According to an aspect of the present invention, there is provided a method of diagnosing a disease, which is performed by at least one processor, the method including acquiring multi-modal data including at least two types of data among text data, speech data, and image data related to a test subject, visualizing data that is not the image data among the multi-modal data, outputting image datasets including the image data and the visualized data, and classifying whether the test subject has a specified disease based on the image datasets.

According to an aspect of the present invention, there is provided an apparatus for diagnosing a disease, including a memory including at least one instruction, and a processor functionally connected to the memory, wherein when executed, the at least one instruction causes the processor to: acquire multi-modal data including at least two types of data among text data, speech data, and image data related to a test subject, visualize data that is not the image data among the multi-modal data, and output an image dataset including the image data and the visualized data, and classify whether the test subject has a specified disease based on the image dataset.

BRIEF DESCRIPTION OF THE DRAWINGS

The above and other objects, features and advantages of the present invention will become more apparent to those of ordinary skill in the art by describing exemplary embodiments thereof in detail with reference to the accompanying drawings, in which:

FIG. 1 is an exemplary diagram illustrating an artificial intelligence (AI) model related to depression diagnosis;

FIG. 2 is a conceptual diagram illustrating an apparatus for diagnosing a disease according to an embodiment;

FIG. 3 is a block diagram illustrating a configuration of the apparatus for diagnosing a disease according to the embodiment;

FIG. 4 is an exemplary diagram illustrating a word cloud according to an embodiment;

FIG. 5 is an exemplary diagram illustrating a Mel spectrogram generated based on 10 minutes speech data of a depression patient according to an embodiment;

FIG. 6 illustrates an example of an image dataset according to an embodiment;

FIG. 7 is a block diagram illustrating a detailed configuration of a classification module according to an embodiment;

FIG. 8 is a diagram illustrating a training process of a classification module according to an embodiment; and

FIG. 9 is a flowchart showing a method of diagnosing a disease according to an embodiment.
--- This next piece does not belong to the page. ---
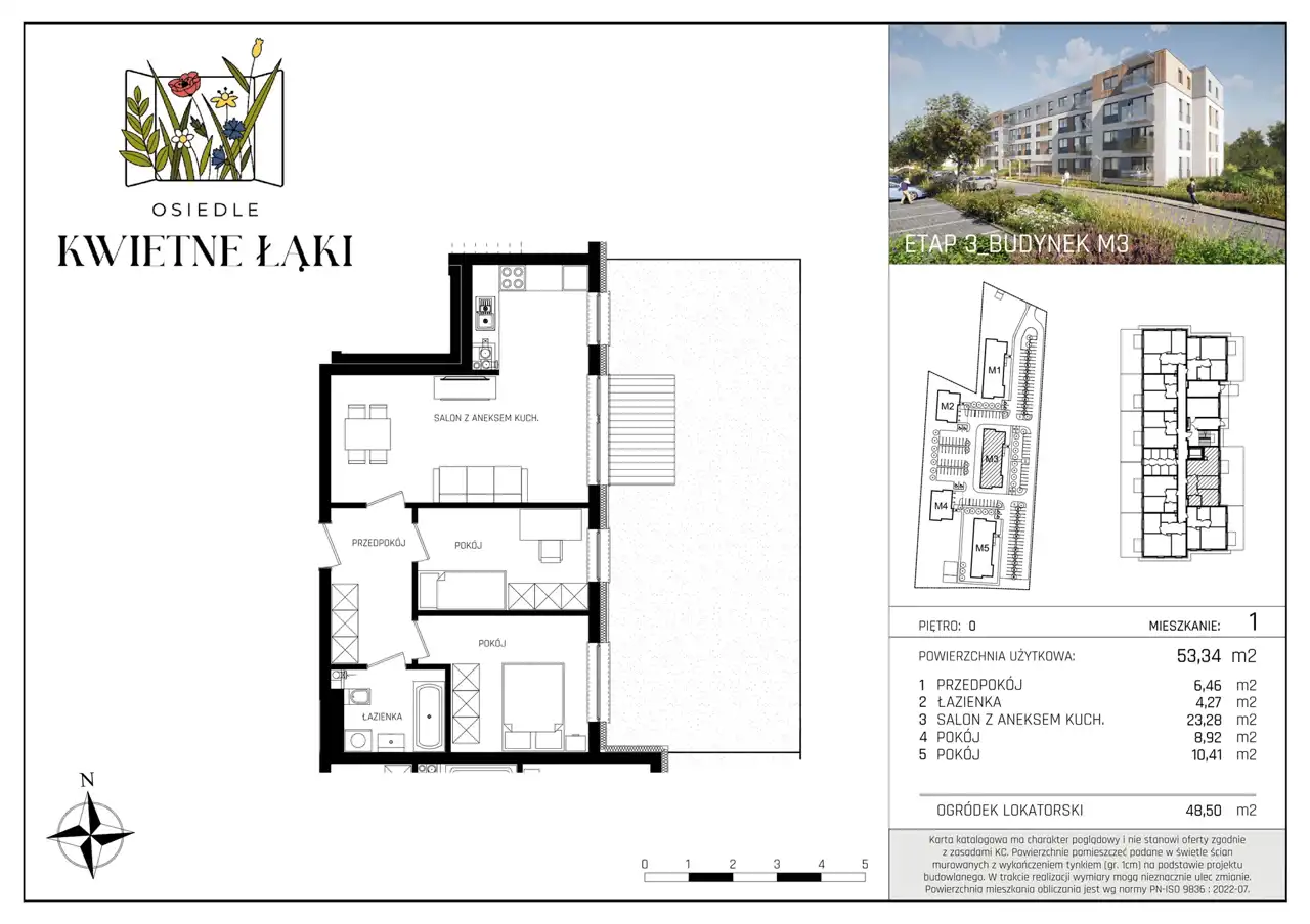 - Charakterystyka mieszkania 53.34 m2, 3 pokoje

In relation to the description of the drawings, identical or similar reference numerals may be used for identical or similar components

DETAILED DESCRIPTION OF EXEMPLARY EMBODIMENTS

FIG. 2 is a conceptual diagram illustrating an apparatus for diagnosing a disease according to an embodiment, and FIG. 3 is a block diagram illustrating a configuration of the apparatus for diagnosing a disease according to the embodiment.

Referring to FIG. 2, an apparatus 200 for diagnosing a disease according to an embodiment may acquire multi-modal data including at least two types of data among speech data, image data, and text data related to test subjects. The test subjects may include a patient having a specified disease (e.g., a depression patient) and normal people. The multi-modal data may be generated from a video obtained during a process of diagnosing a specified disease for a test subject. The image data may include a facial image including a face area of a user and pose data including a body pose (or a movement) of a user. The specified disease may include at least one of depression, bipolar disorder, anxiety, depressive disorder, or anxiety disorder.

According to an embodiment, the apparatus 200 for diagnosing a disease may visualize each piece of data that is not image data included in the multi-modal data. For example, the apparatus 200 for diagnosing a disease may visualize speech data using a Mel spectrogram technique and visualize text as a word cloud based on emotional keywords.

According to an embodiment, the apparatus 200 for diagnosing a disease may identify (or classify) whether a test subject has a specified disease by learning each visualized image data with a network model of two or more dimensions.

Referring to FIG. 3, the apparatus 200 for diagnosing a disease according to an embodiment may include an input module 210, an output module 220, a memory 230, and a processor 240. In an embodiment, in the apparatus 200 for diagnosing a disease, some components may be omitted, or additional components may be added. Additionally, some of the components of the apparatus 200 for diagnosing a disease may be combined into a single component but perform the same functions of the components before the combination.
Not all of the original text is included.